Everything was, instead, designed and executed through photographs, research documents, videos, maps, plans, Skype conferences and scores of assistants, many of whom traveled from Beijing to San Francisco as Ai’s surrogate eyes and ears. There’s finally something lovely about the mix of independent determination and mutual need.

At the site, the grim, hulking reality of the prison stands in starkest contrast to the wide-open natural beauty of the surroundings. Exit any building where Ai’s carefully conceived and physically constrained birds, flowers and human voices reside, and you’re immediately struck by the gorgeous open sea, sky and hillsides rising across the bay.

That opposition is critical to the exhibition’s success, as Ai surely knew.
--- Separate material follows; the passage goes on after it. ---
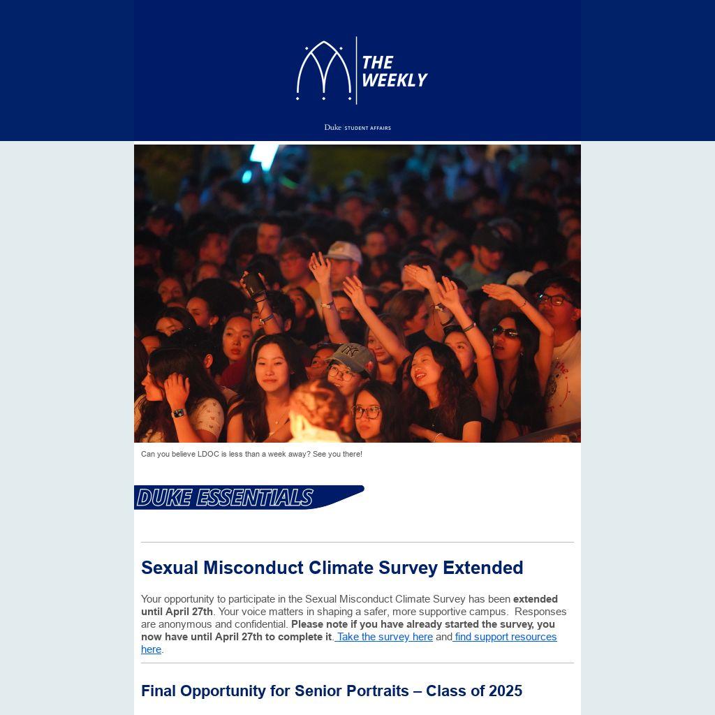 Your opportunity to participate in the Sexual Misconduct Climate Survey has been extended until April 27th. Your voice matters in shaping a safer, more supportive campus. Responses are anonymous and confidential. Please note if you have already started the survey, you now have until April 27th to complete it. Take the survey here and find support resources here.

One can only wonder what this exceptional artist might have done had he been there to see it.

Twitter: @KnightLAT


‘@ Large: Ai Weiwei on Alcatraz’

Where: Alcatraz Island, San Francisco Bay

When: Sept. 27-April 26

Tickets: Free with purchase of Alcatraz Cruises tickets to the island: Adults and children ages 12 and older $30; children ages 5 to 11, $18.25; seniors 62 and older, $28.25; family (two adults and two children), $90.25; children 4 and younger, free.